### TASK INSTRUCTIONS
Give again, exactly as written, the lines of the records below from the line with "Du hast eine" to the line with "Landais de 75". Both end lines count; pictures do not.
-- THE INPUT follows --
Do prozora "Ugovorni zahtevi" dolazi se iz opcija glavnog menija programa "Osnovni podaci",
-- THE INPUT concluded --
-- THE INPUT follows --
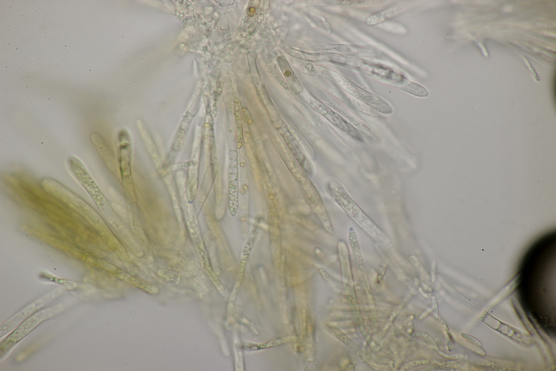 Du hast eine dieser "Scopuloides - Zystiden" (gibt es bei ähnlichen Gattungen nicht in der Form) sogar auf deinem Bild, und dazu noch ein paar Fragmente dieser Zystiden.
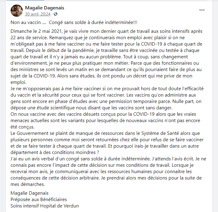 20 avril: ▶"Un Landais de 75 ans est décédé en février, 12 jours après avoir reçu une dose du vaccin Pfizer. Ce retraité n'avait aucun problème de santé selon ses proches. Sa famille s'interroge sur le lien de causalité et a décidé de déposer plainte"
-- THE INPUT concluded --
-- THE INPUT follows --
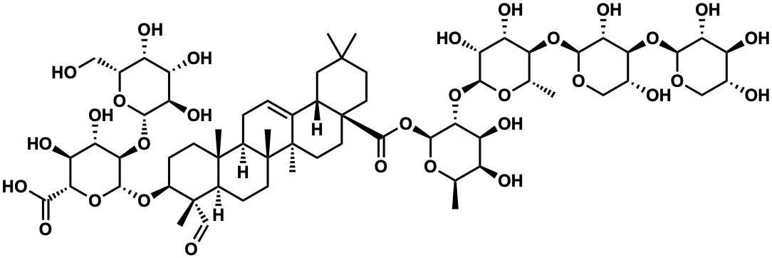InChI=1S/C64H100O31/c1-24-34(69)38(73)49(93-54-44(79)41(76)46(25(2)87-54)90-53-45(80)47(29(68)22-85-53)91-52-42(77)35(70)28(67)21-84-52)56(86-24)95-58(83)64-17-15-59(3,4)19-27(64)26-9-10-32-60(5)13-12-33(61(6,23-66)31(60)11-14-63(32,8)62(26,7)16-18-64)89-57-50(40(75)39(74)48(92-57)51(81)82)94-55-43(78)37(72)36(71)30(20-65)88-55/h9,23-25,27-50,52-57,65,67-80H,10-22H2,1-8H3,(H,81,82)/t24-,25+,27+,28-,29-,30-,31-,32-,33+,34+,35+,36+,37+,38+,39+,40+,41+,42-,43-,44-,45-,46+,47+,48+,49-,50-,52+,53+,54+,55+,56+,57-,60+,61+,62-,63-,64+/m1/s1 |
-- THE INPUT concluded --
### SOLUTION FOR THIS EXERCISE
 Du hast eine dieser "Scopuloides - Zystiden" (gibt es bei ähnlichen Gattungen nicht in der Form) sogar auf deinem Bild, und dazu noch ein paar Fragmente dieser Zystiden.
 20 avril: ▶"Un Landais de 75 ans est décédé en février, 12 jours après avoir reçu une dose du vaccin Pfizer. Ce retraité n'avait aucun problème de santé selon ses proches. Sa famille s'interroge sur le lien de causalité et a décidé de déposer plainte"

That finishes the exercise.